Cats see the world in an entirely different light — but you knew that
Tia Ghose, Nickolay Lamm
Image: Human vs. cat vision
The human way of seeing is shown at top, with the feline view below. Humans have superior eyesight during the daytime. We have more cones, the cells responsible for processing bright light. That gives us a much more vibrant palette of color. In contrast, reds, yellows, oranges and browns look very similar to cats.
Cats' fondness for pouncing on feet and feathery toys may be rooted in their hunting instinct, but it also has a lot to do with their unique vision. And, as it turns out, scientists know a lot about what cats see.
Now, a new set of images, by artist Nickolay Lamm, tries to capture the differences between cat vision and human vision. Whereas humans are able to see more vibrant colors during the day, their feline companions have the edge when it comes to peripheral vision and night vision. [Images: See What a Cat Sees]
Cats have a wider field of view — about 200 degrees, compared with humans' 180-degree view. Cats also have a greater range of peripheral vision, all the better to spot that mouse (or toy) wriggling in the corner.
Cats are crepuscular, meaning they are active at dawn and dusk. That may be why they need such good night vision. Their eyes have six to eight times more rod cells, which are more sensitive to low light, than humans do.
In addition, cats' elliptical eye shape and larger corneas and tapetum, a layer of tissue that may reflect light back to the retina, help gather more light as well. The tapetum may also shift the wavelengths of light that cats see, making prey or other objects silhouetted against a night sky more prominent, Kerry Ketring, a veterinarian with the All Animal Eye Clinic in Whitehall, Mich., wrote in an email. [10 Surprising Facts About Cats]
Their extra rod cells also allow cats to sense motion in the dark much better than their human companions can.
Image: Cat night vision
Where cat vision really shines is at night; cats have six to eight times more rod cells, which can detect light at low levels.
But felines don't have the edge in all areas. The human retina has about 10 times more cones, the light receptors that function best in bright light, than cats' eyes have.
"Humans have 10 to 12 times better motion detection in bright light than the cat or dog, since bright-light vision is a cone function," Ketring said.

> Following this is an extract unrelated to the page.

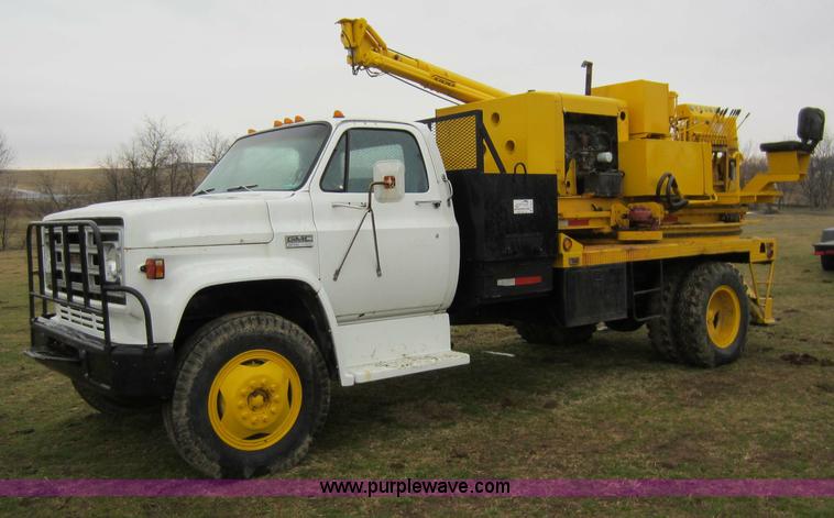 Purple Wave is selling a used Drilling Rig Truck in Oklahoma. This item is a 1975 GMC 6000 drilling truck with the following: 56,657 miles on odometer, Chevrolet 350cid gas engine, Five speed transmission with two speed axle, Hydraulic brakes, Micro brake lock, 2.5" Kelley bar, Sterling CTC drill rig, Serial 1450, Ford 300 engine, 1,516 hours on meter,, 8.00R20 tires, 21,200 GVWR, 7,000 FAWR, 14,200 RAWR, Hydraulic leak on one outrigger and one valve port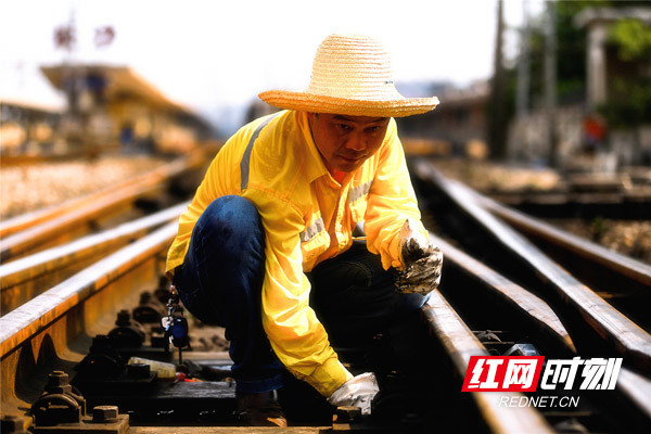 在相隔不到20米的作業(yè)地點,長沙信號工區(qū)工長胡正海帶領工友們對另一處道岔、軌道電路等設備進行巡視和設備注油作業(yè)。“人會因高溫天氣顯得更加疲憊,設備也會受到高溫天氣的影響,所以無論太陽多么炙熱,設備巡視必不可少。”胡正海一邊擦汗一邊介紹。

Humans also have three types of cones, allowing them to see a broad spectrum of colors, with sensitivity peaks at red, green and blue. While cats may have three types of cones, the number and distribution of each type varies. In behavioral tests, cats don't seem to see the full range of colors that most humans do.
Some experts believe cats' "color vision is limited to blue and grays, while others believe it is similar to dogs', but with less richness of hues and saturation of the colors," Ketring said. Dogs see the world in fewer hues than humans do and cannot distinguish between red, yellow, green and orange objects. Fish, in contrast, can see ultraviolet wavelengths that humans can't see.
Humans also can see with much greater resolution, with a greater range of vibrant colors, thanks to their eyes' many cones.
Humans can see objects clearly at 100 to 200 feet (30 to 60 meters) away, but cats need to be no more than about 20 feet (6 m) away to see those same things sharply.
Because cats lack the muscles necessary to change the shape of their eye lenses, they can't see things clearly quite as close as humans can and need to be further away, Ketring said.
And though Fluffy may be better at picking up the darting and scurrying of a frightened mouse, there are many slow-moving objects that humans can detect with their eyesight that look stationary to cats.